In einem stillgelegten Schweinestall in Altendorf SZ haben die Kantonspolizei Schwyz und das Verhöramt des Kantons Schwyz im August eine Hanf-Indooranlage und 626 Hanfplanzen sichergestellt.

Wie die Schwyzer Kantonspolizei am Donnerstag mitteilte, wurde gegen die zwei Betreiber der Indooranlage sowie gegen den Besitzer des Schweinestalls ein Strafverfahren eröffnet. Die Infrastruktur und die Hanfpflanzen seien in der Zwischenzeit vernichtet worden, heisst es in der Mitteilung weiter.

Die beiden Schweizer, ein 43- und ein 46-Jähriger, werden beschuldigt, seit Ende 2002 diese Hanf-Indooranlage betrieben zu haben. Seit Februar 2004 soll der 46-Jährige die Anlage alleine geführt und insgesamt über 100 kg Marihuana produziert haben.
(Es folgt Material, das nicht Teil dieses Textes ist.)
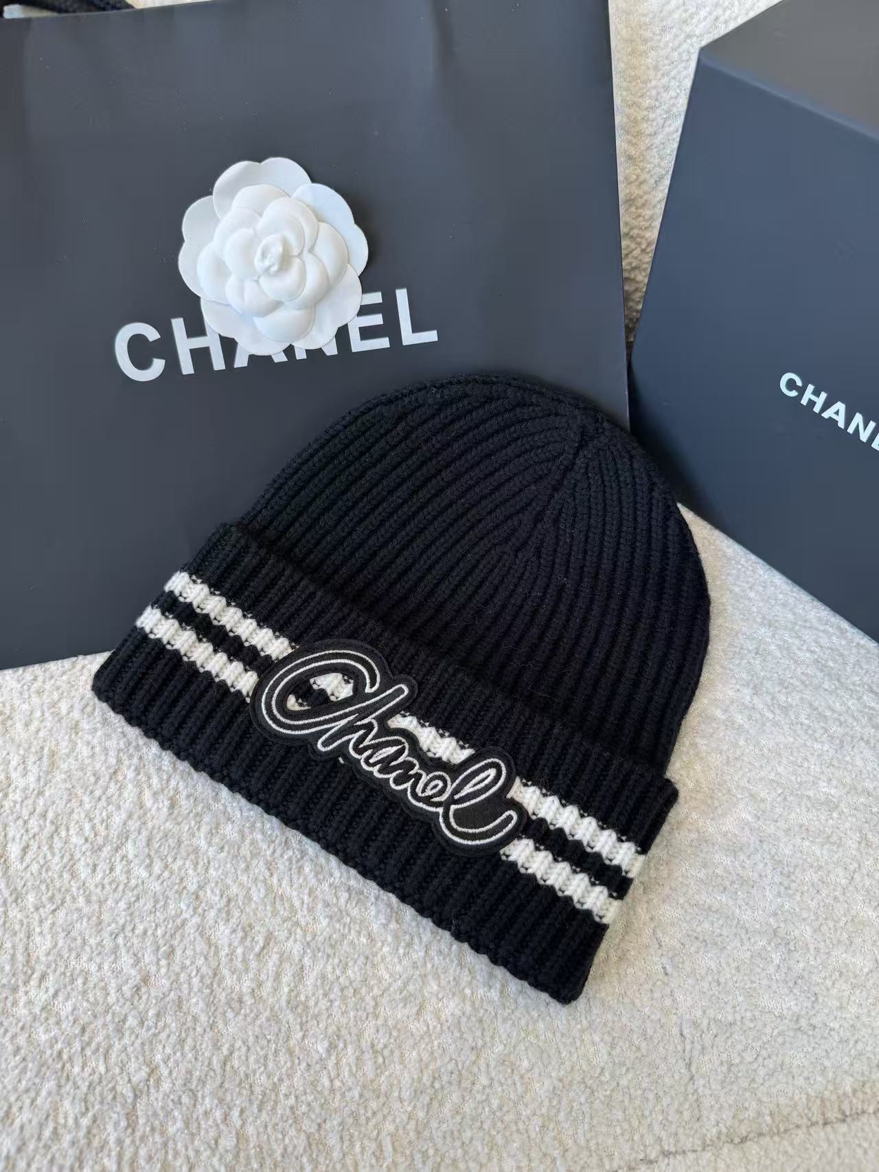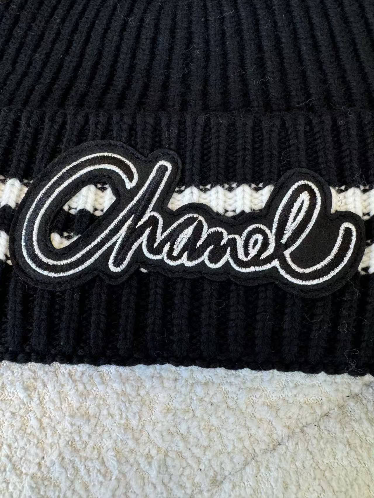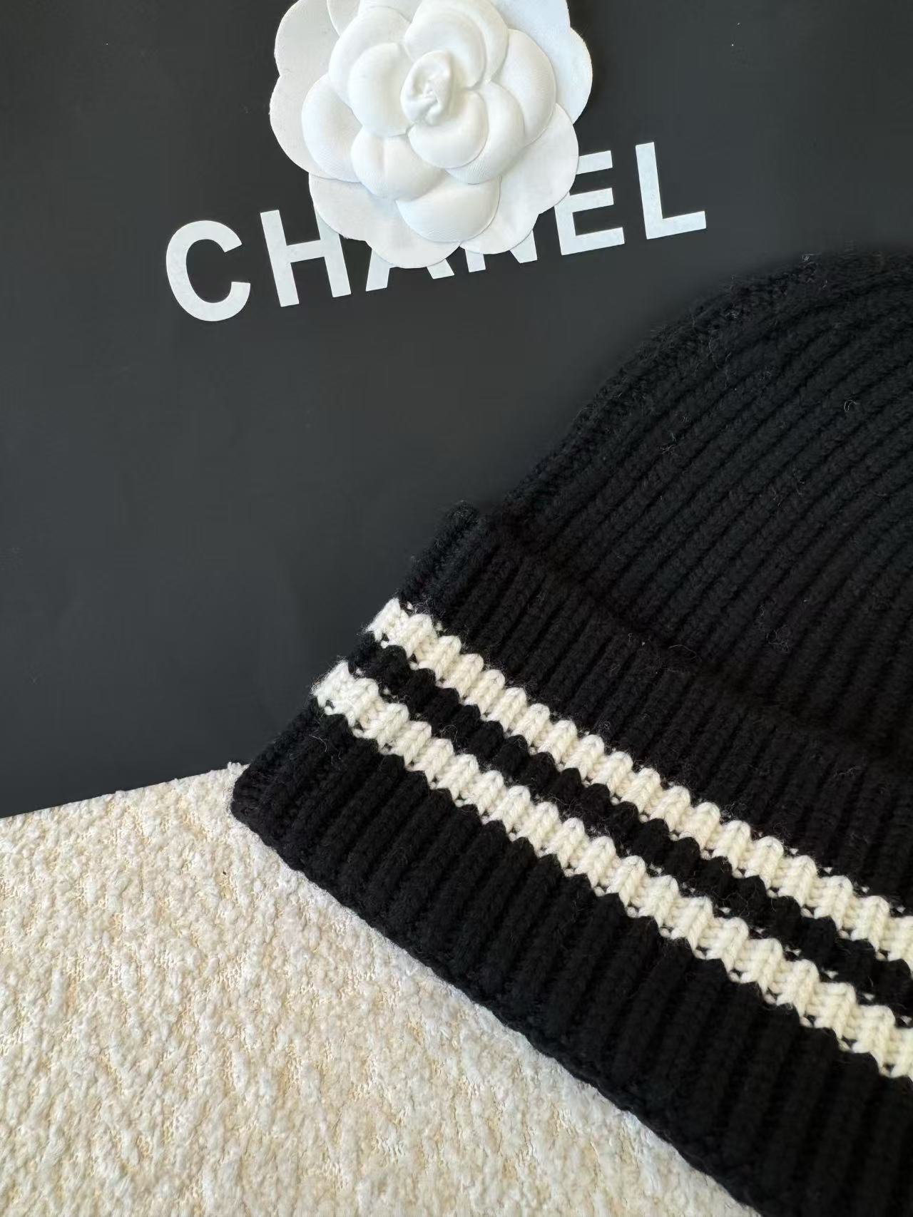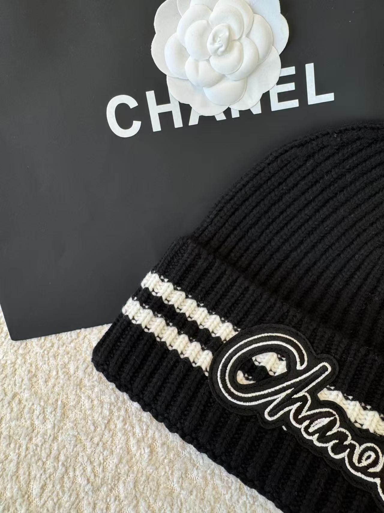 經典黑底毛帽,帽身前面直接繡上白色雙C Logo,兩側再各加一道白色粗細雙槓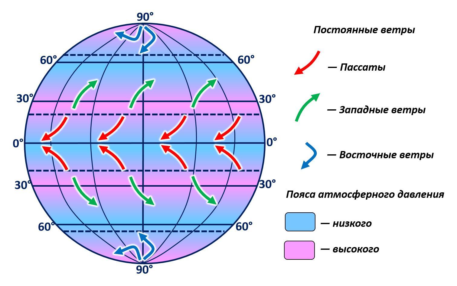 Исходя из карты постоянных ветров, можно сделать вывод, что на рисунке изображены ветры под названием пассаты.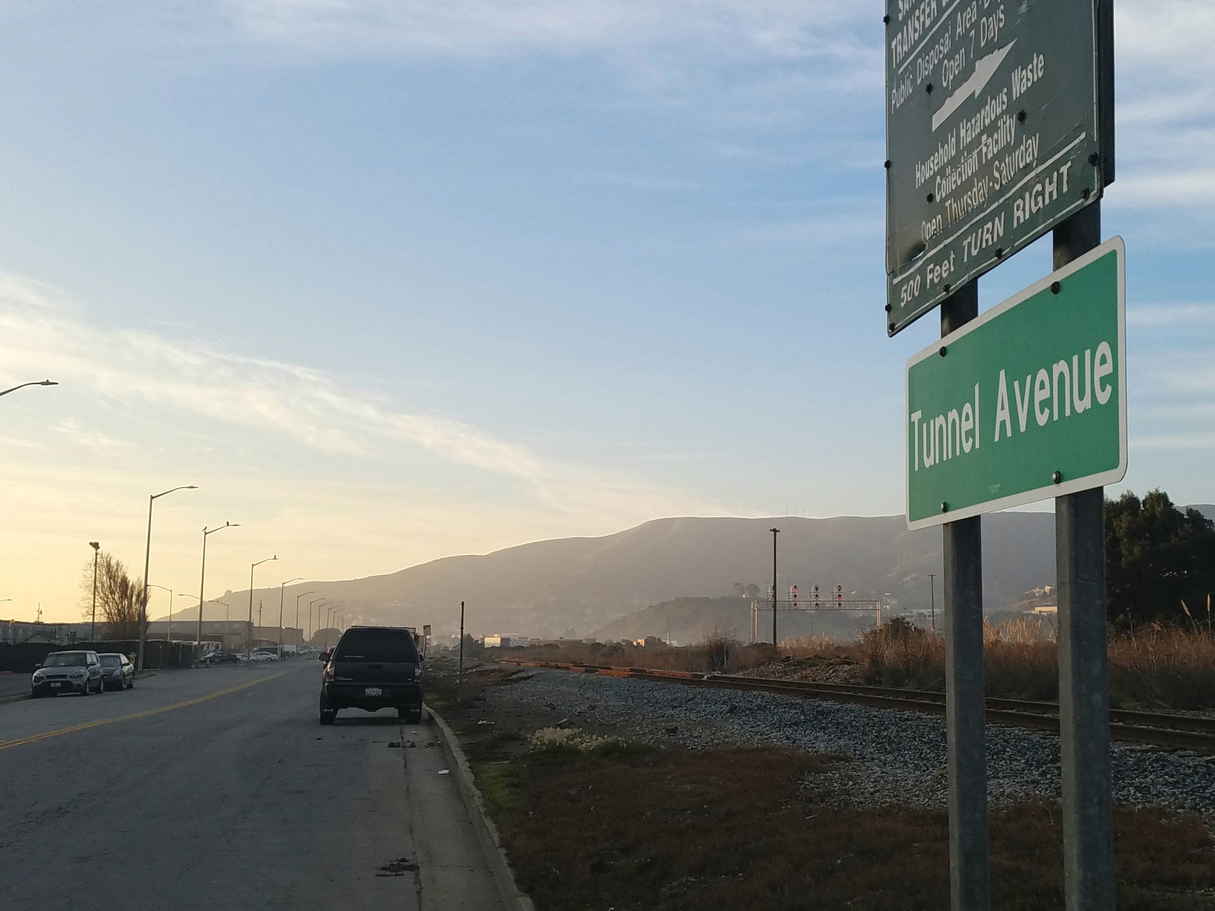 I took this first picture soon after getting onto this stretch, Tunnel Avenue close to SF City border, the first view of the open space. Caltrain tracks are immediately to the right. Further to the right is San Bruno Mountain. Once I get bored with this route, I’ll explore going to work around the other side of the mountain. That would add a couple of miles and a couple of hundred feet of elevation gain; good for training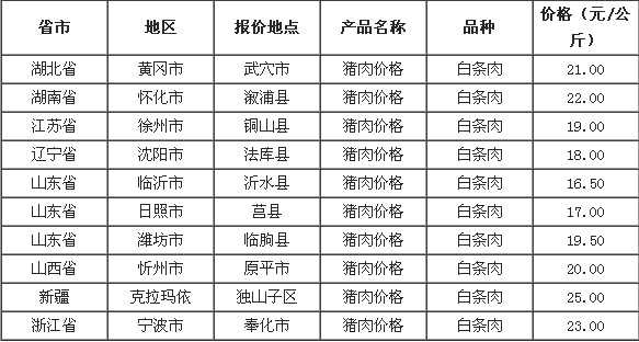 2022年6月28日全国各省市猪肉(白条肉)价格走势 单位:元/公斤 黑龙江安达市猪肉(白条肉)26.00 河北省尚义县猪肉(白条肉)26.00 广西横县猪肉(白条肉)23.00 甘肃省凉州区猪肉(白条肉)23.50 河北省桥东区猪肉(白条肉)25.00...

Das Betäubungsmittel wurde einerseits zum Eigenkonsum, andererseits aber auch für den Handel erzeugt. Verkauft haben sollen die Beschuldigten das Marihuana vorwiegend in den Kantonen Schwyz, Zürich und Bern.

Vor den Strafbehörden verantworten müssen wird sich auch der 27-jährige Vermieter des Schweinestalls. Und zwar wegen Gehilfenschaft. Er soll gewusst haben, wofür der Stall benötigt wurde.